WHAT YOU HAVE TO DO:
In the entries that follow, the first line to write out is the one containing "Superbe appartement NEUF", and the last is the one containing "ミッション 排気量 |". Reproduce that stretch exactly, with nothing before or after it.

LISTED RECORDS:
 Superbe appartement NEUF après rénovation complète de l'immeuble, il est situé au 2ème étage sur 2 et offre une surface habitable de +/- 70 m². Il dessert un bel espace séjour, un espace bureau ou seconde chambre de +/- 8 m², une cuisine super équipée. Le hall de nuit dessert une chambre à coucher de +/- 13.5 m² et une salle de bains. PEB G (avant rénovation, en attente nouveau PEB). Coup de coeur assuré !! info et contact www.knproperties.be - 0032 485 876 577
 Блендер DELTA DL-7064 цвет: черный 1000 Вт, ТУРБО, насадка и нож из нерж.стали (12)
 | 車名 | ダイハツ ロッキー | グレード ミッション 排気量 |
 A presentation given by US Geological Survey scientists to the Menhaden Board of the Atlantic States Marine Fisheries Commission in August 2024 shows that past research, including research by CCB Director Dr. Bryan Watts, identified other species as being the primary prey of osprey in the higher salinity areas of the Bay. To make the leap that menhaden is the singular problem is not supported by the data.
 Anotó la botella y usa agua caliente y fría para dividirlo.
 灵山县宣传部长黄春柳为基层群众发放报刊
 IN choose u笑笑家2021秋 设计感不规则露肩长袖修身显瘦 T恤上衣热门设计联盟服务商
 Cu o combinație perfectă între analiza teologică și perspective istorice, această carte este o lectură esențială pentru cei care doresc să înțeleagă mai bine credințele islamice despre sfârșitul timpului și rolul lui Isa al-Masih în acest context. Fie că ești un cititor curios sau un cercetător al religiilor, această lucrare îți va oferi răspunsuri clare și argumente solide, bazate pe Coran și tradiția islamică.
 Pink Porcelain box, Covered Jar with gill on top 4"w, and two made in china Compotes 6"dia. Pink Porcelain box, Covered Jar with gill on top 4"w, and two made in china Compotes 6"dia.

--

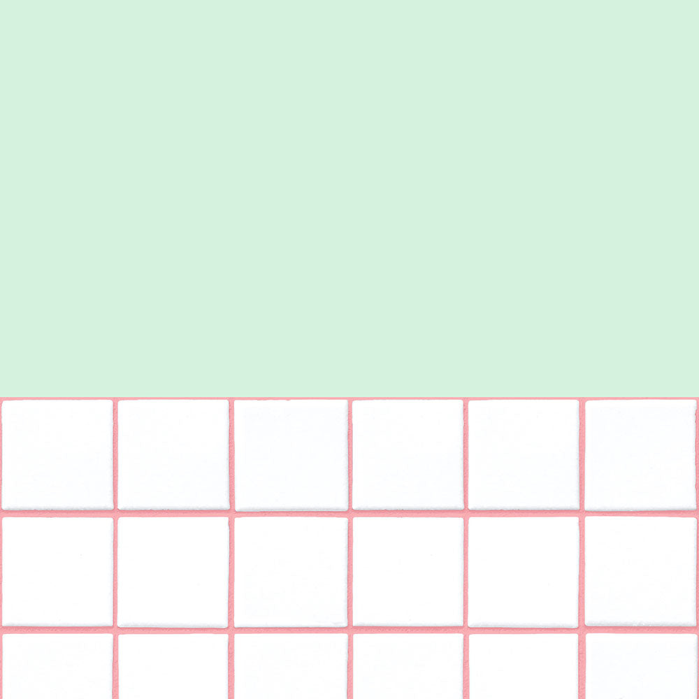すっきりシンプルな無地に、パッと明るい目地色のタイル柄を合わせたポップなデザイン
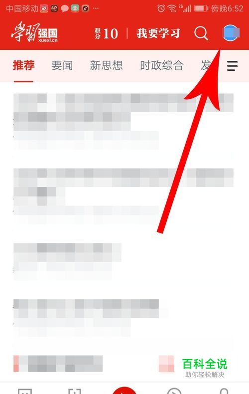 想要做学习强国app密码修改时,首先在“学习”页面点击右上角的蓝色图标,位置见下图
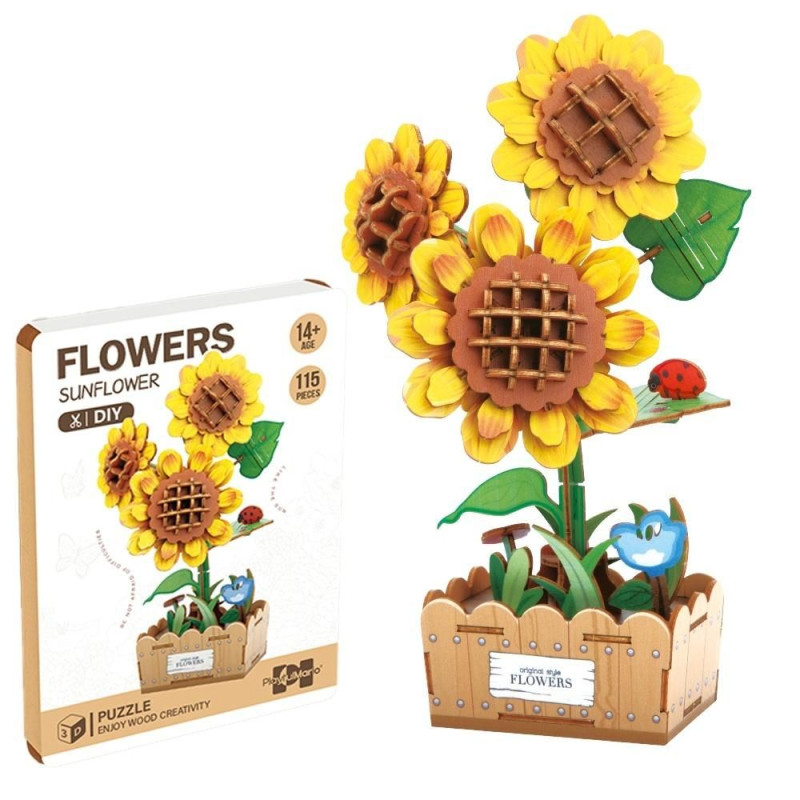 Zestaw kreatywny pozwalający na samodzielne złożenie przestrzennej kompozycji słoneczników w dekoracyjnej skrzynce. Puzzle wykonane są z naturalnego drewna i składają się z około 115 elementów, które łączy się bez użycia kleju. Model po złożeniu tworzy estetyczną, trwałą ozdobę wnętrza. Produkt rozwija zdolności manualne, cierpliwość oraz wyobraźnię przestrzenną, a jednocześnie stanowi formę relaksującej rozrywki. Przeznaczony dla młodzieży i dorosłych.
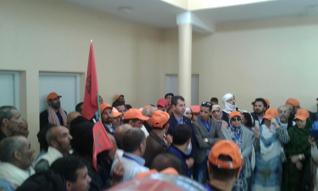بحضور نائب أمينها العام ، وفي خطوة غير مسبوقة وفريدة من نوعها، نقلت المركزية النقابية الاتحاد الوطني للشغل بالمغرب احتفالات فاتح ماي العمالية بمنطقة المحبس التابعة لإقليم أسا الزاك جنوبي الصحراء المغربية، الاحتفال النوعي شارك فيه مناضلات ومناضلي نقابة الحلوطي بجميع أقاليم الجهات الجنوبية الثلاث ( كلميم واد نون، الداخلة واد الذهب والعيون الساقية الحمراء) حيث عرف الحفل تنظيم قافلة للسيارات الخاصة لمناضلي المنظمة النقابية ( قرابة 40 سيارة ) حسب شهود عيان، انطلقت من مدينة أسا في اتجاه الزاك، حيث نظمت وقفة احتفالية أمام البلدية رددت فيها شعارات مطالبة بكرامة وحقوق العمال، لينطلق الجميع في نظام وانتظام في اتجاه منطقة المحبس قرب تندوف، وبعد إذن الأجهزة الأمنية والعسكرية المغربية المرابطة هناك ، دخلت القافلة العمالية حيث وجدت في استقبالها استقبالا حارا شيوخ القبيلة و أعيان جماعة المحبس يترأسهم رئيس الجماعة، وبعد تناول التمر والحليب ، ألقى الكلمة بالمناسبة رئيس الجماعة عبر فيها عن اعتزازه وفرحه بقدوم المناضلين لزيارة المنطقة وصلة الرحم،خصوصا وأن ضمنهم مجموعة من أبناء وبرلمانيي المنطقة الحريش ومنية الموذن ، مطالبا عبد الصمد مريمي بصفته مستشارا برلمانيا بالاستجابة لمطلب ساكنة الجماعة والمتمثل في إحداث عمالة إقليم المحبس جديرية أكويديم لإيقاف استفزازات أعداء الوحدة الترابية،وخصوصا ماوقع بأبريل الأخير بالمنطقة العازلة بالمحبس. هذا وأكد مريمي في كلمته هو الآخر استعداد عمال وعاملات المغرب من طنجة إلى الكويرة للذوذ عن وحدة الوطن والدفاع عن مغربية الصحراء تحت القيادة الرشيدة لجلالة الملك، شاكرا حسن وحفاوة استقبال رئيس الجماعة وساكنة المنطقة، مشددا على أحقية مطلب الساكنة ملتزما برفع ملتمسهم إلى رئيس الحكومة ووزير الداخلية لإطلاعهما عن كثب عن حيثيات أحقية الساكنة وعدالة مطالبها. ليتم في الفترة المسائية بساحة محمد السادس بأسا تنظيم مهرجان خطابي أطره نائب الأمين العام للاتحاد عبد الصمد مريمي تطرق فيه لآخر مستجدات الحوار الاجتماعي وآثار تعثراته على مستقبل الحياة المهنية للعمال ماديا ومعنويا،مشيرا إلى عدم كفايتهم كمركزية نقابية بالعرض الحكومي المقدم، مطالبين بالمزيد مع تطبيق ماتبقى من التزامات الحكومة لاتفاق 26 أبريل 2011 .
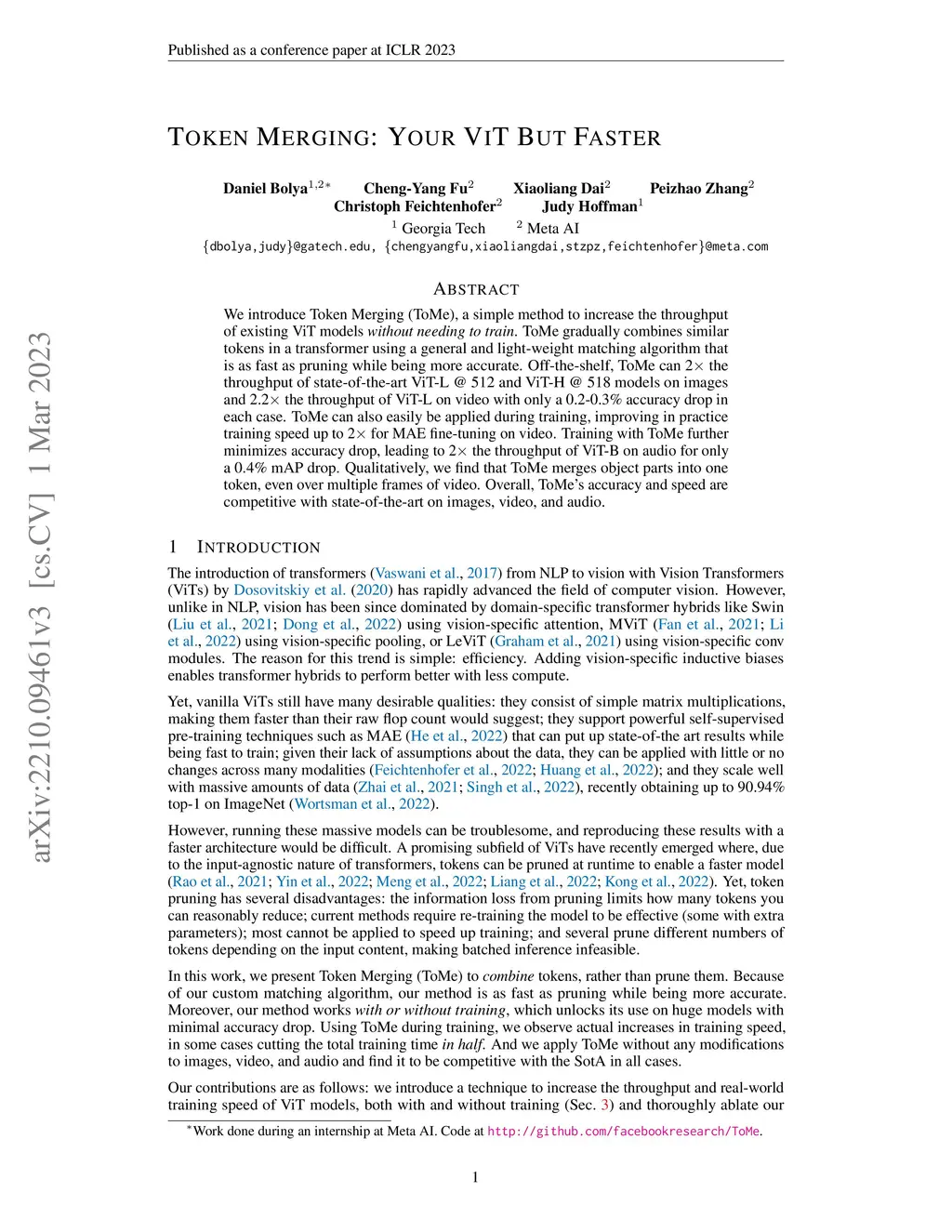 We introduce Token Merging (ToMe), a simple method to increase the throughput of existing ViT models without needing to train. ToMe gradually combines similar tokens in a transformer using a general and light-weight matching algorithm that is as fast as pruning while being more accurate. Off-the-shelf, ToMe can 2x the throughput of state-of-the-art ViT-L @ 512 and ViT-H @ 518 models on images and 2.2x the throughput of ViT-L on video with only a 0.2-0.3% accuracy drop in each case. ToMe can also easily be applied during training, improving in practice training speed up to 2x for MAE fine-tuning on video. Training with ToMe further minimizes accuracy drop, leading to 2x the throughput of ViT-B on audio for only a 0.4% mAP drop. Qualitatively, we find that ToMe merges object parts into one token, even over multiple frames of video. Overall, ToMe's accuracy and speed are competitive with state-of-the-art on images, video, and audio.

OUTPUT FOR THIS TASK:
 Superbe appartement NEUF après rénovation complète de l'immeuble, il est situé au 2ème étage sur 2 et offre une surface habitable de +/- 70 m². Il dessert un bel espace séjour, un espace bureau ou seconde chambre de +/- 8 m², une cuisine super équipée. Le hall de nuit dessert une chambre à coucher de +/- 13.5 m² et une salle de bains. PEB G (avant rénovation, en attente nouveau PEB). Coup de coeur assuré !! info et contact www.knproperties.be - 0032 485 876 577
 Блендер DELTA DL-7064 цвет: черный 1000 Вт, ТУРБО, насадка и нож из нерж.стали (12)
 | 車名 | ダイハツ ロッキー | グレード ミッション 排気量 |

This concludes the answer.